無人島開発スキル防衛兵器『魔導レーザー』
エルフたちの放つ風属性魔法・ライトニングボルトがオークマザーを倒していく。さすが高魔力を持つだけあり、ダメージも大きいらしい。
次々にオークマザーが倒れていく。
この間に俺はオーククィーンと矛を交えた。
「無人島開発スキル……!」
「そんなスキルごときで余を倒せると思うな」
アックスが猛烈な勢いで迫ってくるが、俺はその前に大量の『落石』を降らせた。
「――落石ッ!!」
「な、なにもないところから岩が……ぐああああああああぁぁ……!!!」
大きな岩が雨のように降り、オーククィーンの頭上に落ちていく。
ヴェラチュールを持ちながら、俺はオークマザーの間を駆け抜けていった。俺に襲い掛かってこようとするオークマザーは、エルフたちが対処してくれた。ありがてぇ!
ついに俺はオーククィーンに接近を果たした。
目の前にするとデケェ。
岩によって身動きが取れていないが、時間の問題だろうな。
「小僧ォ! こんなもので余を倒せると思うなよ!!」
怒りを爆発させ、立ち上がろうとするオーククィーン。その前に倒す……!
ヴェラチュールに『水属性』が付与された。誰か俺の武器に属性を付与してくれたらしい。オーククィーンの属性は火。つまり弱点属性だ。これなら、皮膚が特殊だろうが大ダメージを与えられる。
「くらえええええええええ!!」
オーククィーンの左腕を叩き斬った。
「ぎゃああああああああああああああああああああああああああ……!!」
暴れて後退していくオーククィーン。同時に、俺のヴェラチュールが弱っていた。……くそっ、魔力を帯びているから影響はあるわけか。
ヴェラチュールは休ませた方が良さそうだ。
俺は剣を納め、今度は大量の材料を消費して――無人島開発スキルの防衛兵器『魔導レーザー』を設置。
「魔導レーザー、起動開始……!」
異形の大砲が現れ、銃口から魔導レーザーが照射。爆発的なエネルギーがオーククィーンへ命中して更に押し返した。
「ぐおおおおおおおおおおおおおおお……!!!」
やがてレーザーは、オーククィーンの腹を貫通。……よしっ、上手くいった!
「オーククィーン、これが俺の力だ」
「……く、くそぉ……! 人間にこのような力があるとは……」
「お前たちは、エルフたちを襲い、国さえもメチャクチャにした。その罪を贖え」
「こ、これで終わりと思うな、人間。

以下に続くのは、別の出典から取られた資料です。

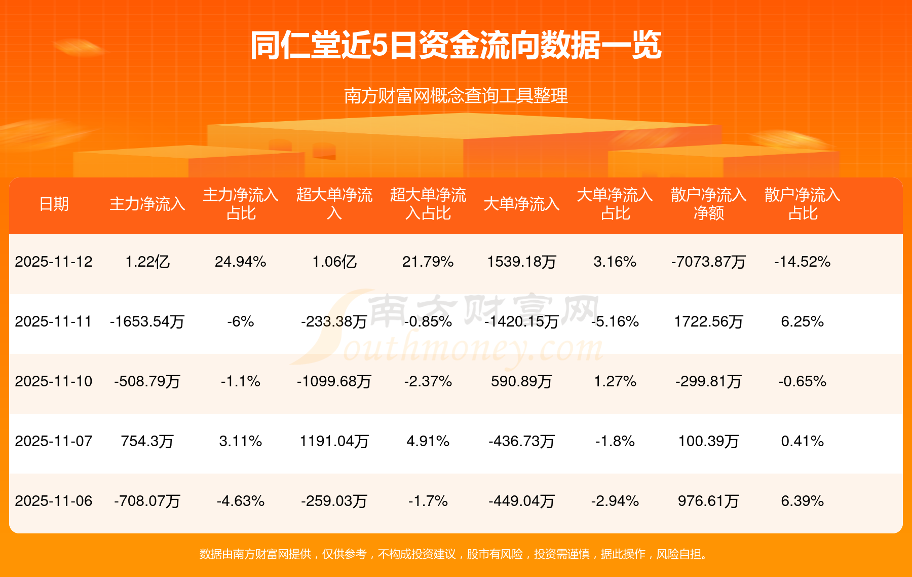 11月12日該股主力凈流入1.22億元,超大單凈流入1.06億元,大單凈流入1539.18萬元,中單凈流出5081.7萬元,散戶凈流出7073.87萬元。
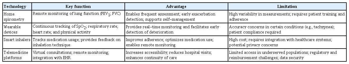 The technological foundations of telemedicine in the management of chronic lung diseases include home spirometry, wearable devices, smart inhalers, and telemedicine platforms (Table 1). Home spirometry enables remote lung function assessment for early disease detection, whereas wearable devices provide continuous physiological monitoring. Smart inhalers track the real-time use of medication to enhance patient adherence. Telemedicine platforms integrate these tools for remote monitoring, data-driven interventions, and improved patient-provider communication (Fig. 1).
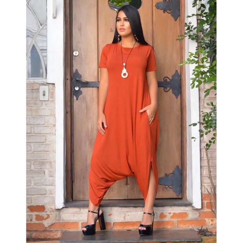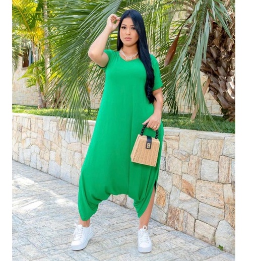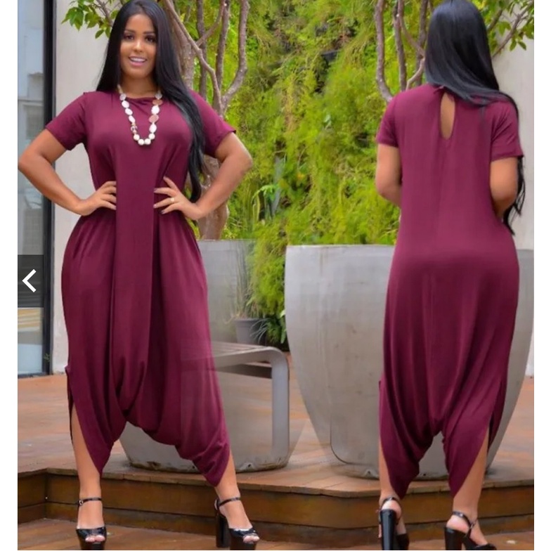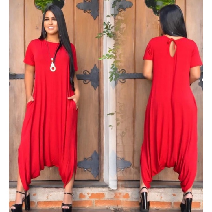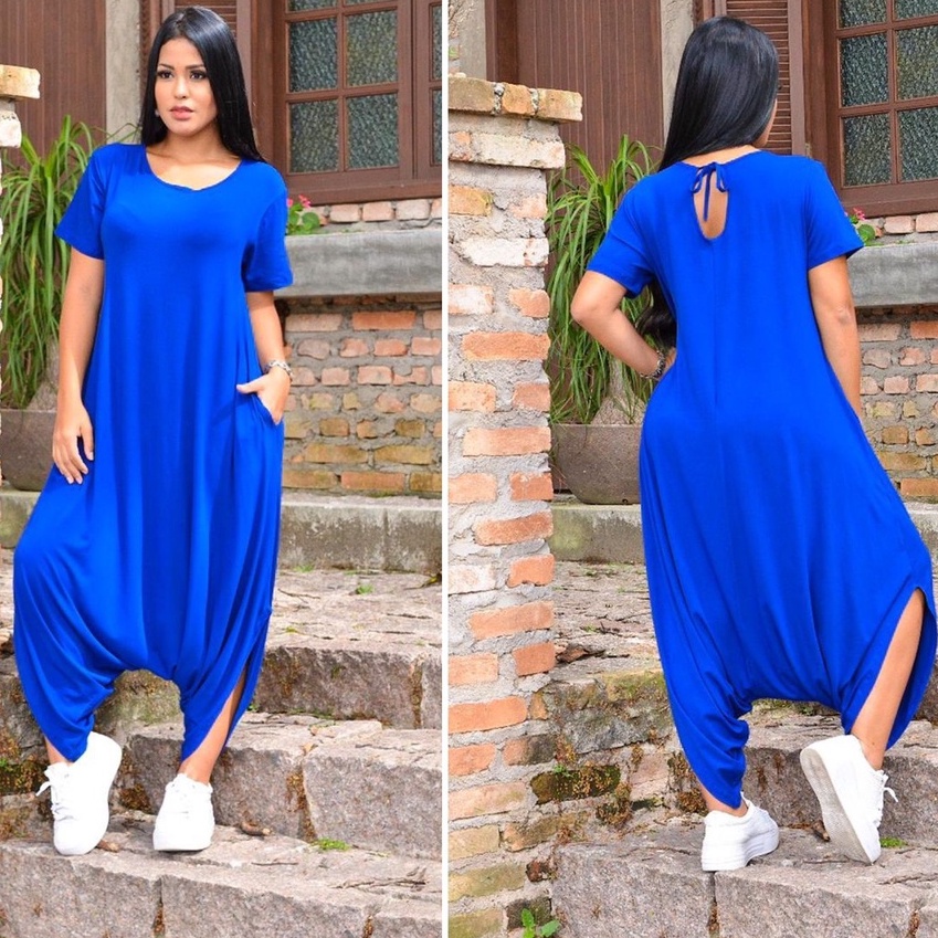 Macacao Saruel Estampado Bolsos Feminino Viscolycra Max Longo Soltinho Com Manga 38 ao 52

今は終わりだとしても、ダークエルフが……トルクァートが我々をきっと復活してくれる。魔界は再び……この世に」
オーククィーンは、力尽きた。
これでエルフが襲われる心配は減った。
「みんな、無事か!」
俺は生存者のエルフに状態を聞いた。
「助かったよ、少年!」
「君のおかげだ……!」
「命の恩人だよ」
「生きて帰れるんだよな……良かった」
「君の名前を知りたい!!」
「人間にこんな強い者がいたとはな」
「って、まて……あれはドヴォルザーク帝国の第三皇子ではないか?」
「な、なんだって?」
「まさか、ラスティ様か?」
「そうだよ、十年前に見たことがあるぞ!」
「ああ、ラスティ様だったのか!!」
「少し前にも来ていただろ。あの時はいろいろあったけどさ」
どうやら俺の正体が分かったようだな。
俺は『掲示板』のこと『トルクァート』がダークエルフでボロディンを乗っ取ろうとしていることを伝えた。
「な……あの聖者はニセモノだったのか!!」
「トルクァート!! どうりでおかしいとおもったんだよ!!!」
「詐欺師じゃねえか!!」
「許せねえ!!」
「俺たちをオークに売ったのかよ!!!」
「はあああああ!? ふざけんな!!」
「女エルフが殺されたって話だ」
「俺の彼女もやられちまったよ……」
「ボロディンを取り返すぞ!!」
「ダークエルフなんかに国を渡してなるものか!」
「そうだそうだ!!」
みんなまだやる気マンマンだ。この百人以上の男エルフたちと共に、もう一度宮殿へユーモレスク向かう。そして、あの偽聖者のトルクァートをぶっ倒してやる。
スコルやクリス、セインも助けないと!
エドゥとも合流しなくちゃな――。